ROUTINE LOAD 消费kafka数据 内层json的时间字段如何解析出来

Viewed 17

doris版本:3.0.8
建表语句:
CREATE TABLE IF NOT EXISTS k8s_events_log1
(

event_timestamp DATETIME,
event_value TEXT,
first_timestamp DATETIME,
last_timestamp DATETIME,
creation_timestamp DATETIME

)
DUPLICATE KEY(event_timestamp )
PARTITION BY RANGE(event_timestamp)()
DISTRIBUTED BY HASH(creation_timestamp) BUCKETS 10
PROPERTIES (
"replication_num" = "1",
"storage_medium" = "SSD",
"dynamic_partition.enable" = "true",
"dynamic_partition.time_unit" = "DAY",
"dynamic_partition.start" = "-30",
"dynamic_partition.end" = "3",
"dynamic_partition.prefix" = "p",
"dynamic_partition.buckets" = "10",
"dynamic_partition.replication_allocation" = "tag.location.default: 3"
);
ROUTINE LOAD任务:
CREATE ROUTINE LOAD k8s_events_kafka_load1 ON k8s_events_log1
COLUMNS(
event_value,
event_timestamp,
first_timestamp ,
last_timestamp = json_extract(event_value, '$.last_timestamp'),
creation_timestamp = json_extract(event_value, '$.metadata.creationTimestamp')
)
PROPERTIES
(
"format" = "json",
"jsonpaths" = "[
"$.EventValue",
"$.EventTimestamp",
"$.event_value.firstTimestamp",
"$.event_value.lastTimestamp"
]",
"desired_concurrent_number" = "10",
"max_batch_interval" = "3",
"max_batch_rows" = "1000000",
"max_batch_size" = "500000000",
"max_error_number" = "10000"
)
FROM KAFKA
(
"kafka_broker_list" = "xxxx:9092,exxxx:9092,xxxx:9092",
"kafka_topic" = "k8s-cluster-event-log",
"property.group.id" = "doris_k8s_events_consumer1",
"property.fetch.message.max.bytes" = "20971520",
"property.max.partition.fetch.bytes" = "20971520",
"property.fetch.max.bytes" = "104857600",
"property.max.poll.records" = "50000",
"property.session.timeout.ms" = "60000",
"property.heartbeat.interval.ms" = "20000",
"property.auto.offset.reset" = "earliest"
);

kafka中的数据示例

{
    "EventValue": "{\n \"metadata\": {  \"creationTimestamp\": \"2025-11-25T13:32:10Z\"\n }\n \"firstTimestamp\": \"2025-11-25T13:32:10Z\",\n \"lastTimestamp\": \"2025-12-01T11:15:30Z\"}",
    "EventTimestamp": "2025-12-01T11:15:30Z"
}

load后数据示例
first_timestamp last_timestamp creation_timestamp 三个内层json的时间字段数据无法解析,
event_timestamp 时间正常
image.png

2 Answers

image.png

这个json 看着有问题,EventValue的values 是一个string 串,没办法用。
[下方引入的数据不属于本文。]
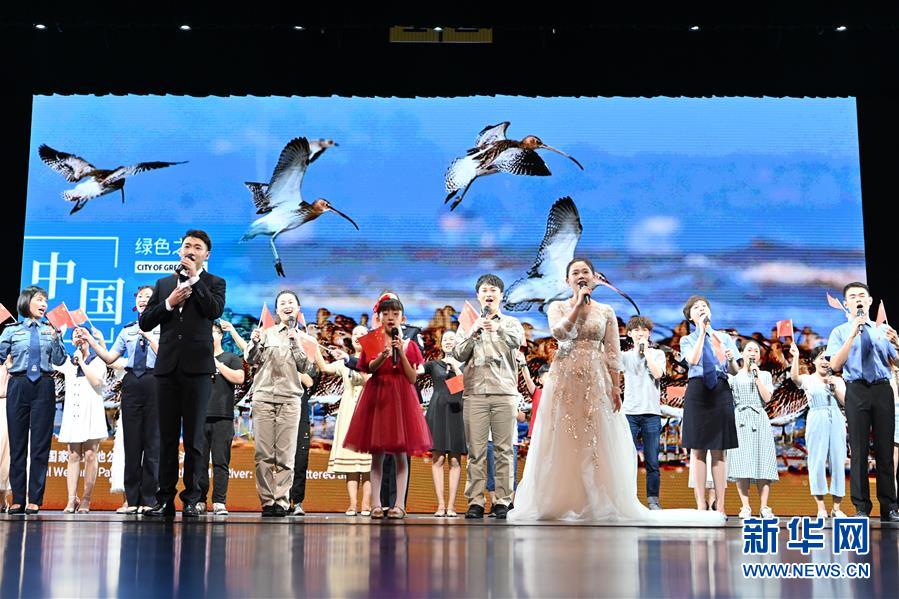 6月21日,福州市民代表在2019“宜夏”榕城文化艺术季开幕式上合唱。 当日,2019“宜夏”榕城文化艺术季在福州拉开帷幕。艺术季将串起6项大型文化艺术赛事、8项原创文化活动、36项精品文艺演出、41项优秀传统文化主题体验活动、40项百场次公益性文化惠民活动,在炎炎夏日为市民送去文化大餐。 新华社记者姜克红摄
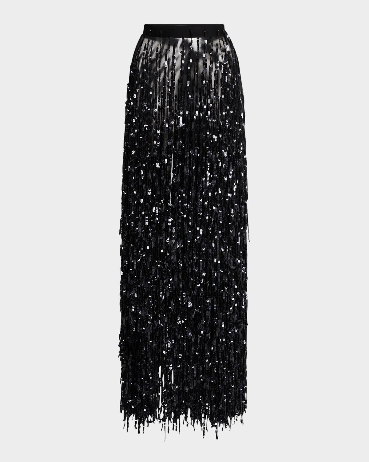 - LAPOINTE pencil skirt embellished in sequin fringe - High waist - Full length - Skirt falls straight from hip to hem - Hidden closure - Nylon/polyamide - Imported
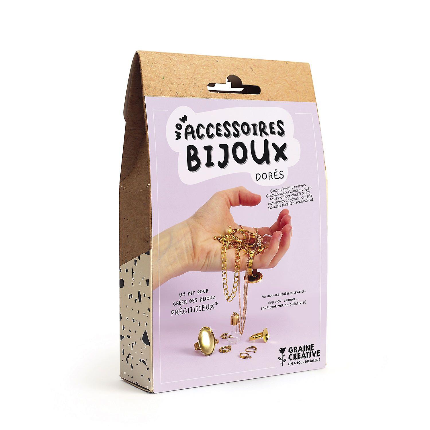 Make your own jewelry with this assortment of gold jewelry accessories. 37 accessories to create rings, bracelets, necklaces, earrings... Contents: 2 vial pendants, 1 golden necklace wire, 1 bracelet + clasp, 16 mini hooks, 3 magnetic clasps, 1 round hollow ring, 3 ring mountings picots, pair of hooks for bo, oval hollow ring, 4 ring clasps, 4 hinges. A multitude of possibilities are offered to you Add original beads to your creations: wood, shells, clay, silicone, plastic or even Heishi beads. Discover also our large collection of beads.
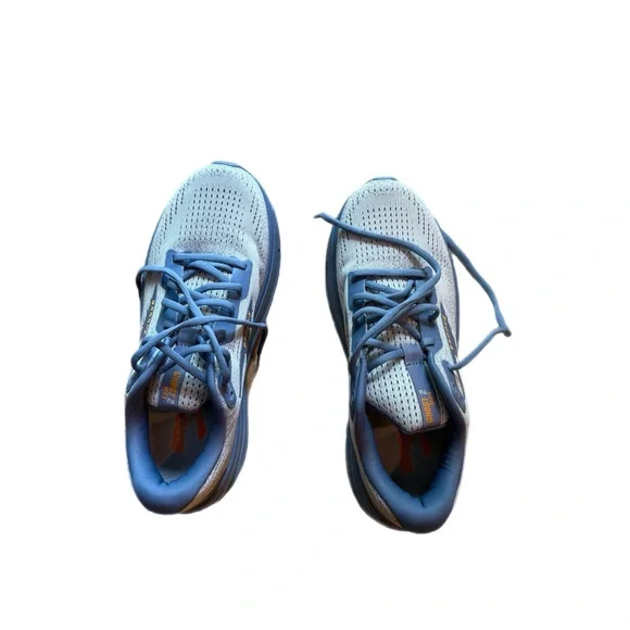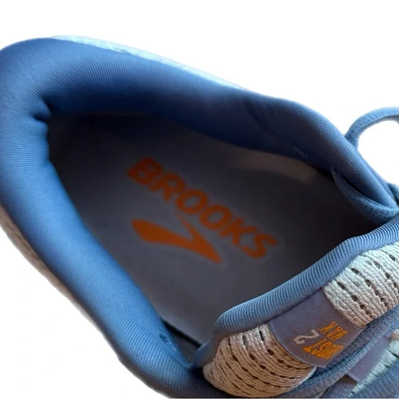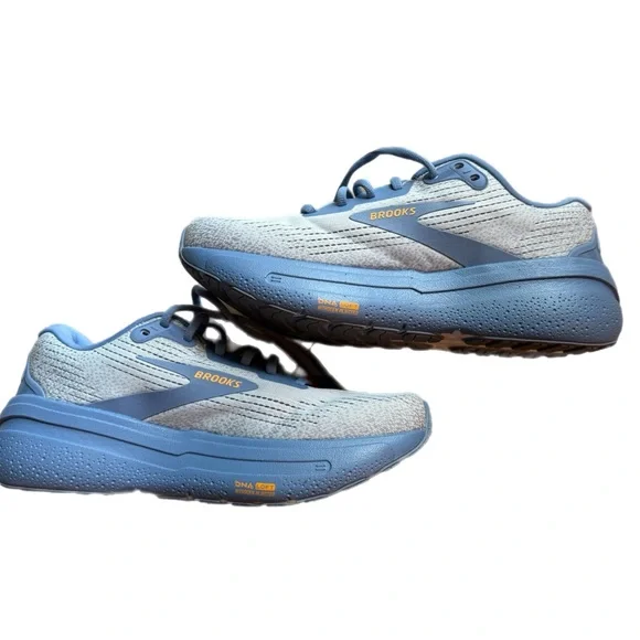 Stylish Brooks running shoes in the following color: 119 - Oyster Mushroom/Blue/Orange. From the website: Soft, smooth, and protective, the Ghost Max 2 men's road-running shoes deliver maximum comfort for running or walking. With lots of soft, lightweight cushioning, a rocker shape that actively helps you move from landing to toe-off, and a broad base for added stability, the Ghost Max 2 is ready to roll.Comes from a smoke-free home. Only worn twice inside home, have not been outside. In perfect condition, just got the wrong size and ran out of time to send back.
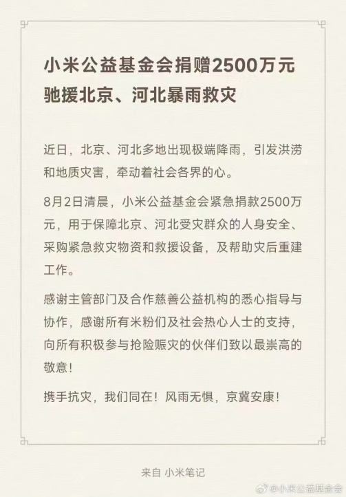 小米公益基金会宣布紧急捐款 2500 万元,用于保障北京、河北受灾群众的人身安全、采购紧急救灾物资和救援设备,及帮助灾后重建工作。
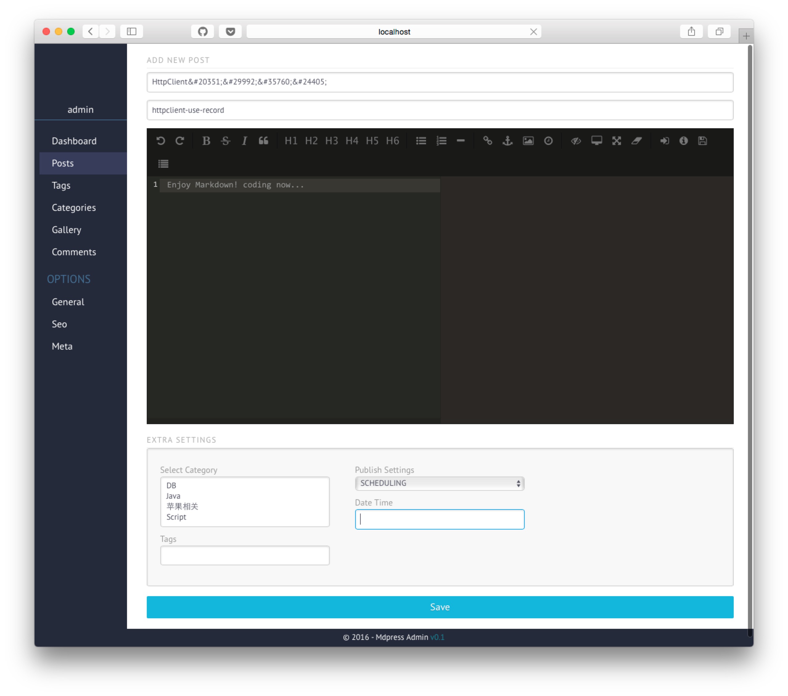 Mdpress can fullfill my requirements, and it's blog editor base on Editor.md.
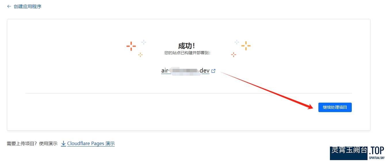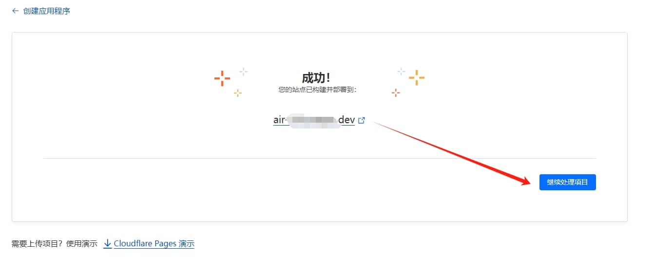 部署以后会显示一个域名,这个域名后面会用到,然后点击继续处理项目

jsonpath的两层穿透

原始数据的json做了下精简,我去掉很多内层很多的其他字段,
doris表中的event_value可以被解析如下(去掉了一些无关字段)
{
"metadata": {
"resourceVersion": "810559006",
"creationTimestamp": "2025-12-05T16:32:05Z"
},
"reason": "NodeNotSchedulable",
"firstTimestamp": "2024-12-05T14:26:06Z",
"lastTimestamp": "2025-12-10T01:40:10Z",
"count": 321,
"type": "Normal",
"eventTime": null
}
我在doris表中加了两个字段,验证了下EventValue的values应该是能被jsonpath解析的
count BIGINT,
type VARCHAR(20)
在ROUTINE LOAD中加了字符串和int类型的转化
count = json_extract(event_value, '$.count'),
type = json_extract(event_value, '$.type')
image.png
目前看doris表中count和type 是可以被解析出来的?
看起来只有时间字段没有解析出来